Yeah. Let me touch on the last question first, if that's okay. We settled a lawsuit of -- to give you a little bit of additional color, I think it's a poster child for the need for tort reform, but which we were able to settle a FACS lawsuit as an example, earlier -- was it earlier this year, I believe, end of last year and the settlement required us to send out a form that could be filled out by any one of our customers and I'm telling you, Andy, it was an easy form to fill out. It took 30 seconds to fill out and you stick a stamp on it. You send it in and you get money.
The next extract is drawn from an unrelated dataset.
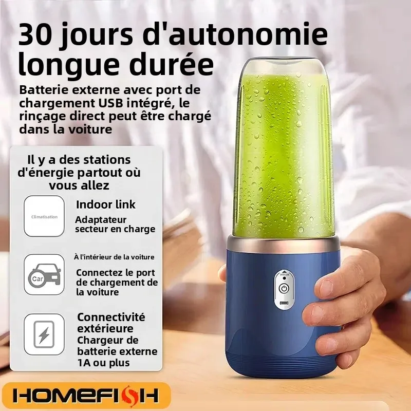A6. Le gobelet mixeur 800mAh nécessite un double-clic pour s'allumer ou s'éteindre, et non un simple clic.

But the case was so ridiculous that I think at the end of the day less than 2% of the people who received the form actually decided to spend the 30 seconds or so and fill it out and send it in. So the actual damages are 98% less than what the court was told in the settlement, so we'll have to see what happens as it relates to that particular case. You should know that the vast majority of the settlement amount actually goes to the lawyers that prosecute these nuisance tort cases. And so we'll have to see what the judge does there with respect to the attorney's fees. But we did defend the case. We settled it. We went through the process and it is now behind us.

Andrew D'silva

Analyst

Yeah, sorry, I was actually talking about the $49,000 versus the $640,000 that you accrued for the Allergan litigation. Just since it's significantly less, I was thinking that you'd have a benefit from that in the third quarter?

Mark Baum

Management

Yeah. I'll let Andrew talk about that.

Andrew Boll

Management

Yeah. Andy the $640,000 as accrued was for the FACS lawsuit that Mark was referring to.

Andrew D'silva

Analyst

Got it. Okay.

Mark Baum

Management

You asked a question about the outsourcing facility in New Jersey and the drug shortage list and whether or not we could nimbly serve those markets and in the past we have, as it relates to certain formulations in glaucoma. And so we'll continue to try and serve those markets. We have a pretty robust growing formulation -- a formulary to offer customers. So as things pop up, if we're there, and we have the formulation available, we'll take advantage of it. I think the focus for our team is not to get out in the drug shortage zone completely, but to totally focus on our ophthalmology customers and meeting their needs, and that as I said was part of the reason for the Park transaction. So we're going to focus on ophthalmology. We've got great tailwinds that are back on the payer -- the payer side in the market. It's very exciting what we're seeing happen, the trends are friend in ophthalmology and we want to take advantage of it because we have -- we think that the number one ophthalmology franchise in the country.

Andrew D'silva

Analyst

Great. Hey, congrats on the progress. Best of luck closing out 2019. Talk to you soon.

Mark Baum

Management

Thank you, Andy.

Operator

Operator

And that does conclude our question-and-answer session for today. I'll turn the call back over to Mark Baum for any closing remarks.

Mark Baum

Management

Thanks for attending everyone. If you have any investor-related questions, please contact our Investor Relations associate, Jon Patton. His direct number 858-704-4587. And this will conclude our call. Thank you.

Operator

Operator

Thank you. This does conclude today's teleconference. We appreciate your participation. You may disconnect your lines at this time and have a great day.